Commençons par une petite virée dans le nord de l’Angleterre, au début des années 1980…
The club (2) est l’adaptation d’un roman de Geoff Thompson (3), très fortement autobiographique, où le narrateur, Danny, raconte sa courte expérience de videur dans une boîte de nuit, et les événements tragiques qui y sont associés.

Au départ, Danny c’est le prototype du looser : il n’est qu’un modeste employé dans une usine, vit séparé de sa femme et ne voit ses filles que quelques heures par semaine.

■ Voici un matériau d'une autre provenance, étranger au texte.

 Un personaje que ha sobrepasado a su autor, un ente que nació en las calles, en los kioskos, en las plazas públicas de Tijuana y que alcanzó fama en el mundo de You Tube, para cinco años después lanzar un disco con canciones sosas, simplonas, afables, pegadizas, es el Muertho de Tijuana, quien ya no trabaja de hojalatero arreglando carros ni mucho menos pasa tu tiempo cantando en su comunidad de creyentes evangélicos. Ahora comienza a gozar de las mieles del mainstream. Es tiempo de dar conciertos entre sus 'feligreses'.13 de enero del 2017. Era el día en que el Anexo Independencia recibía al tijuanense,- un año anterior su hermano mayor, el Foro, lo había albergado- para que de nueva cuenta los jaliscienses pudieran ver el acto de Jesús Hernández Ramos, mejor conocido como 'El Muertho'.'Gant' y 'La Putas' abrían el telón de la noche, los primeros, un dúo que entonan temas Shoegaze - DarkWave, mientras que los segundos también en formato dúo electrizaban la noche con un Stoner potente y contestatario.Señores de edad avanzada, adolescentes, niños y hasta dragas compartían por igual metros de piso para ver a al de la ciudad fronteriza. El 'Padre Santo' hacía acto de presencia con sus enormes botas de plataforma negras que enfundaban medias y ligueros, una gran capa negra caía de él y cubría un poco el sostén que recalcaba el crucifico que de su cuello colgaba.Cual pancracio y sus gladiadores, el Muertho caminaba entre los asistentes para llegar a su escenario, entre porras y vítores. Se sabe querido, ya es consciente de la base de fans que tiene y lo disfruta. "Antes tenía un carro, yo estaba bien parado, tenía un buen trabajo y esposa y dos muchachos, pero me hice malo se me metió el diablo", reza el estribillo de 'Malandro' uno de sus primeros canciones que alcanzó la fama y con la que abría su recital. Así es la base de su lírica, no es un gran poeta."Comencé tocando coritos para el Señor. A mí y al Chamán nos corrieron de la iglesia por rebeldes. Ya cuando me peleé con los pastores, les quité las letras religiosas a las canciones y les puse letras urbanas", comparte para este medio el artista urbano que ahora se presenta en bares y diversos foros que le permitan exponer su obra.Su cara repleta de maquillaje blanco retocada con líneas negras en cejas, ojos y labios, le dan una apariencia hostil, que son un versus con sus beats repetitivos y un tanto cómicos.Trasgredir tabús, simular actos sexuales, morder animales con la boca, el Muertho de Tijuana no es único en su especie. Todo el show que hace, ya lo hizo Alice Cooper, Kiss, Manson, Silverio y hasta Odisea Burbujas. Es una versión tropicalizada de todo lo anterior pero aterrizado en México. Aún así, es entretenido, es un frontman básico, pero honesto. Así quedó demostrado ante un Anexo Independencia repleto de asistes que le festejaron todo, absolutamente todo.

Et il ne réagit même pas… Tout change le jour où, accompagnant ses filles à la danse, il sympathise avec un groupe de boxeurs s’entraînant dans la salle voisine : Louis, Sparky et Rob. Tous trois travaillent comme videurs dans la boîte de nuit la plus branchée de la ville. Après quelques semaines, ils proposent à Danny de travailler avec eux. Tout irait pour le mieux si un caïd local n’avait pas décidé de faire déferler ses dealers de drogues dans le night-club, avec la complicité de Sparky, facilement corrompu… Danny va être plongé dans un univers de violence, d’intimidations et de débauche. Un univers auquel il n’est pas préparé…

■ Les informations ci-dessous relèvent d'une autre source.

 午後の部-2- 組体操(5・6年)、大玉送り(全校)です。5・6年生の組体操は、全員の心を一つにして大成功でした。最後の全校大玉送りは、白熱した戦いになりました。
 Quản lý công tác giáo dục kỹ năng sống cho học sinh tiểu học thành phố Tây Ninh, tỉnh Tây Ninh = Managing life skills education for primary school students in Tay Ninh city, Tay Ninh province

Le récit dégage une certaine authenticité, sans doute car l’auteur du roman s’est beaucoup investi dans le film, collaborant à l’écriture du scénario et formant les acteurs aux techniques martiales. Même justesse au niveau de l’interprétation, grâce à une bande de comédiens méconnus, mais charismatiques et subtils : Colin Salmon, Mel Raido, Shaun Parkes et Scot Williams.

Seule la réalisation du débutant Neil Thompson n’est pas vraiment à la hauteur. Le cinéaste se contente de puiser son inspiration dans le travail d’autres cinéastes britanniques - on pense notamment aux premiers films de Danny Boyle ou de Guy Ritchie. Evidemment, ce n’est pas franchement mauvais, et le style colle assez bien au contenu. Cet air de « déjà vu », le génie en moins, n’aurait pas été préjudiciable si le cinéaste était parvenu à instiller une dose suffisante de tension, d’intensité dramatique, à la narration. Hélas, Neil Thompson semble avoir privilégié l’emballage esthétique du film au détriment de son rythme et de son contenu.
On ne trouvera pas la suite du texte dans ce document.